Strong Tower said...

This is the Greek term that also appears in the citation of Isa 7:14in Matt 1:23. Therefore, regardless of the meaning of the term in the OT context, in the NT Matthew’s usage of the Greek term παρθένος clearly indicates that from his perspective a virgin birth has taken place.

And this is our proper interpretation. It does not matter what the normal usage is. Like all technical writing, terms are defined by the author. Those working terms, as they are called, are controlled by the definition that the author imposes upon them. It is therefore, the proper interpretation of Isaiah, unless, someone wants to argue that it was not the Holy Spirit that was authoring through the apostles, the meaning of parqenos and by extension the proper meaning of alma in the context of revelation. And here is that meaning: "But as he considered these things, behold, an angel of the Lord appeared to him in a dream, saying, Joseph, son of David, do not fear to take Mary as your wife, for that which is conceived in her is from the Holy Spirit...And behold, you will conceive in your womb and bear a son, and you shall call his name Jesus...How will this be, since I am a virgin...The Holy Spirit will come upon you, and the power of the Most High will overshadow you; therefore the child to be born will be called holy—the Son of God."

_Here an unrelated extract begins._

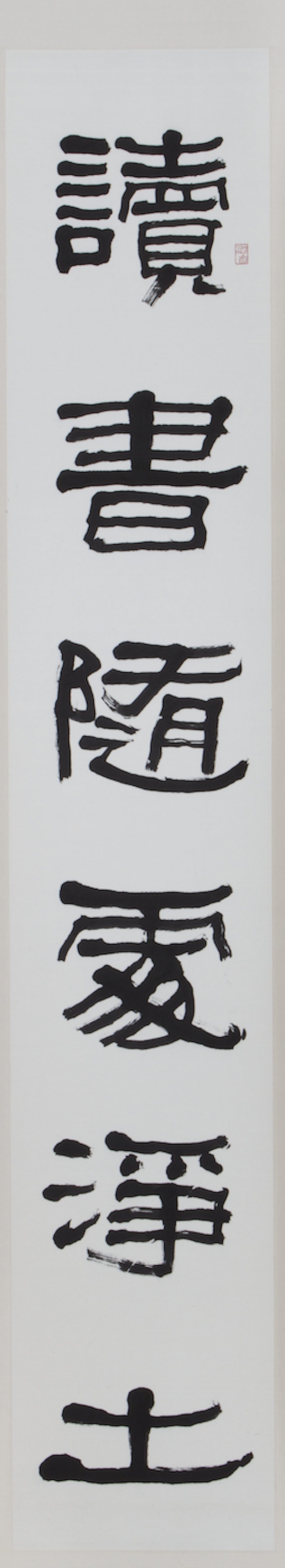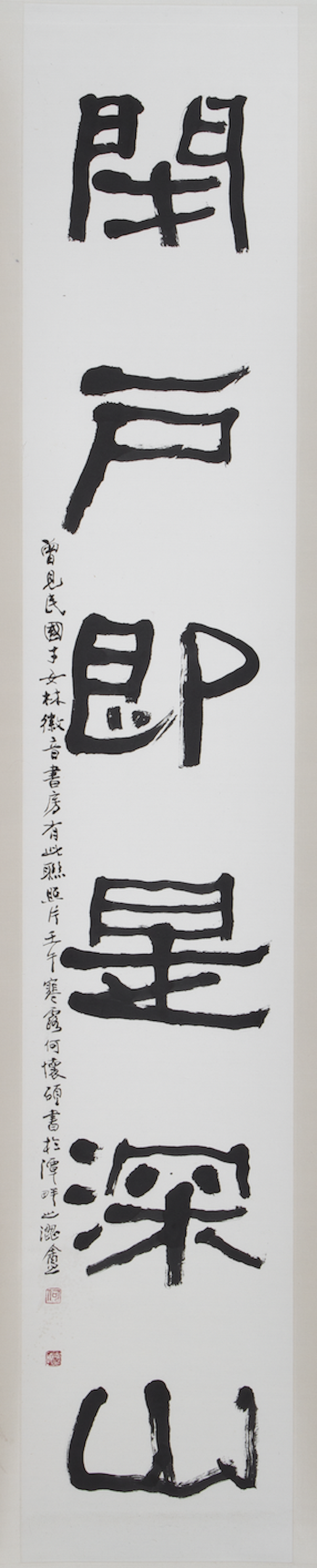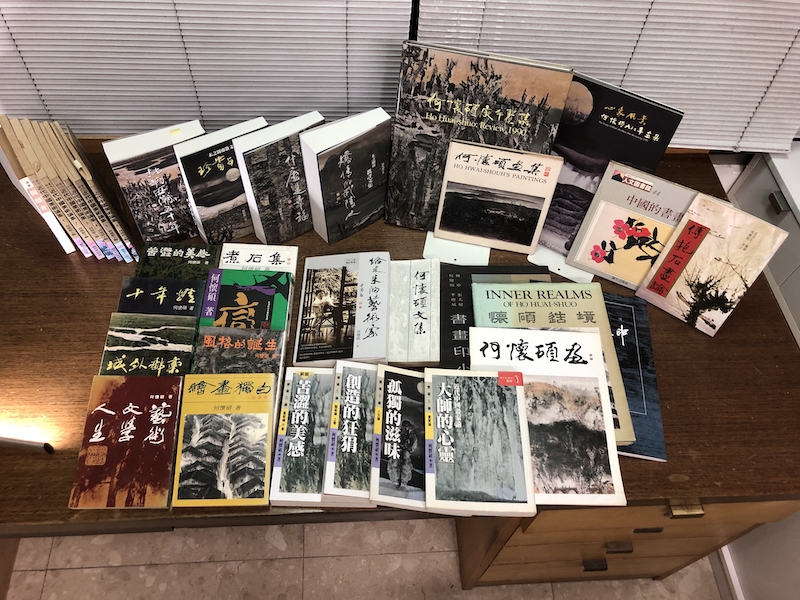 何怀硕先生的书房已超越一般意义的坐拥书城。一层楼,除一户邻居,其他五户都是涩盦何宅,其中四户打通,何怀硕先生好像在家里玩空间构成,各种姿势的书架延绵不绝。进门右侧是餐厅,餐厅邻厨房,一面是白色的书架,以小十六开1980年代出版的文学书籍和大陆画家赠阅的图书为主;一端窗户边的空墙上挂着一副王福庵的隶书联,地上有台跑步机,从跑步机的摆放可以看出,主人并不是常用它;进门有两个顶到天花板的金属书架,餐厅一侧是整套的港版《名家翰墨》和一些故宫典藏图录,还有河北教育版的“二十世纪书法丛书”等;厨房的外墙对着大门有个斜角,他按墙面大小量身打造的隶书联“读书随处净土,闭门即是深山”。随即就是一个框架金属结构书架和养悬挂植物的空间,架上大部分是《文星》等先生年轻时代看过的刊物,以备用时查阅!书架的结构处理,便于踩踏上隔层取阅;这是一个主厅,纵深处迎面是一堵书墙,主要是人文类书籍,记得上端还有一套何怀硕先生喜欢的批评家李长之的全集,先生说以前看过选本,后来出全集还是买了一套;南面三个大窗户临着碧潭,视野和采光都很好,在窗户和窗户之间的墙面挂着一个小镜框,记得有一幅是钱慧安小品,先生边介绍边感慨,古人有很多这样的画家,没什么创意,但传承了文雅和精致,也很好看!还有陈曼生联:“无言都是趣,有想便成缘”;靠里的那个窗户边用书架间隔了敞开的空间,内里放着一个工作台,有电脑等物件;其实在这个大空间里,沿墙都放置一些旧式的写字台,靠窗也是横竖两张,两面放着日据时期留下的敦实原木的三脚圆坐靠背椅,每个工作台上都放着些文具,仿佛随时可以拿起来就工作,来的客人可以各自坐在自己的桌子两旁对话聊天;另一面嵌有铁片的毡墙,时常挂一些先生喜欢的书法,这个厅的悬梁上有几个横镜框,里面挂着台静农和叶公超等写的字,记得还有一幅台静农写的隶书对联:“铁肩担道义,辣手著文章”,具体忘了挂在哪块墙面。这个厅左转一个空间和过道,空间放着书和写作的资料,还陈列着几件古董鸣钟,写作间里有坐姿的台板,也有站姿的台板,抬手就可以取资料的分类格,是怀硕师按自己的工作习惯,精心设计的,隔板墙面有提醒的记事纸,有常用电话号码,还有一张与大陆老友的合影,照片上是邵大箴、水天中、何怀硕、范景中、曹意强;过道两面是书架,书架上是美术理论类的书和画册,过道入口上方挂着一件康有为旅日避居时期写的字:“避岛”;书架以外的墙面是压克力做的文玩杂件的陈列格,大多是先生各地旅行时的纪念;过道里面是先生的画室,也是一个几间打通的厅,记得第一次拜访进去过,后来几次就没有进去。
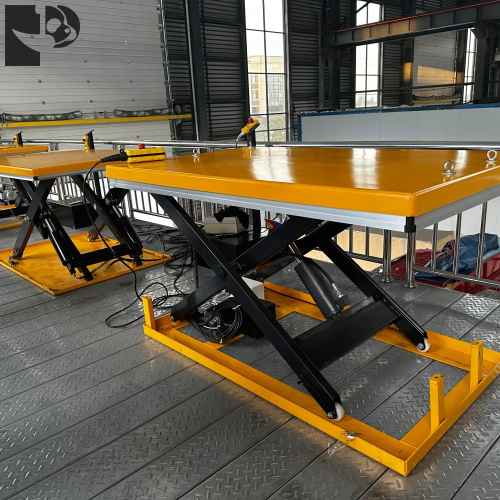 When the hydraulic system is activated, hydraulic oil in the cylinder pushes the piston rod to extend and retract, driving the scissor arms to expand around their hinge points, causing the platform to rise vertically. Conversely, when the hydraulic oil flows back, the scissor arms contract, and the platform descends. The change in the crossing angle of the scissor arms determines the lifting height of the platform. Thanks to its structural design, the platform remains level throughout the lifting process, ensuring excellent stability.

Commentaries are great and should be quoted with understanding. The point of the commentary is clear. Even if the meaning in context is of the some non-virginal young woman in the kings court having a child, the prophetic meaning is not determined by that immediate context, but by further examination of Scripture. In this case there is no doubt that the meaning is a virginal woman who has never had sexual relations with a man, just as the commentator says. So, the best translation for understanding is virgin, and not young woman.

DJP said...

Rick, Garet, and others: again, thanks for your gracious and kind encouragement. Glory to God.

Sorry, Rick, no transcript.

Mike, if you don't mind my saying, it isn't accurate to say that all nine usages clearly refer to a virgin. Some are unclear, but the 2-3 that are clear, clearly do refer to unmarried girls. They're all cited in an article I wrote titled To Tell the Truth, Virginia.

Mike Riccardi said...

I don't mind your saying, Dan. Thanks for letting me know. I remember now that you said that in the sermon. I guess that part just didn't register. My apologies to dac, as well.

threegirldad said...

Mike R: What does NET mean anyway?

New English Translation

DJP said...

Or

Not-an Excellent Translation

(The notes are better than the translation)

dac said...

Not Excellent Translation?

lol

http://net.bible.org/bible.php?book=1Co&chapter=1

Make your own call.

DJP said...

I just did make my own call. What's your point?

dac said...

perhaps I was making a suggestion to your other faithful readers who are unfamiliar with the NET Bible?

Why so defensive djp?

DJP said...

What are you talking about? I post something, you reply to me, I reply to you.

Are you trying to make a point, or just noise? I'm really not tracking.

dac said...

Several commentors asked what the NET bible was

You said the not (an) excellent translation

I suggested other commentors may wish to make thier own decision (perhaps that was not sufficiently clear to whom that was addressed?)

I was responding to multiple posts, all in regards to the same subject.

not real complicated, just a pretty straight forward suggestion to those unfamilar with the NET.

DJP said...

OK. Having studied Hebrew and Greek for well over thirty years, and having taught both, I've offered my opinion. That people should make up their own minds is not a contrary view.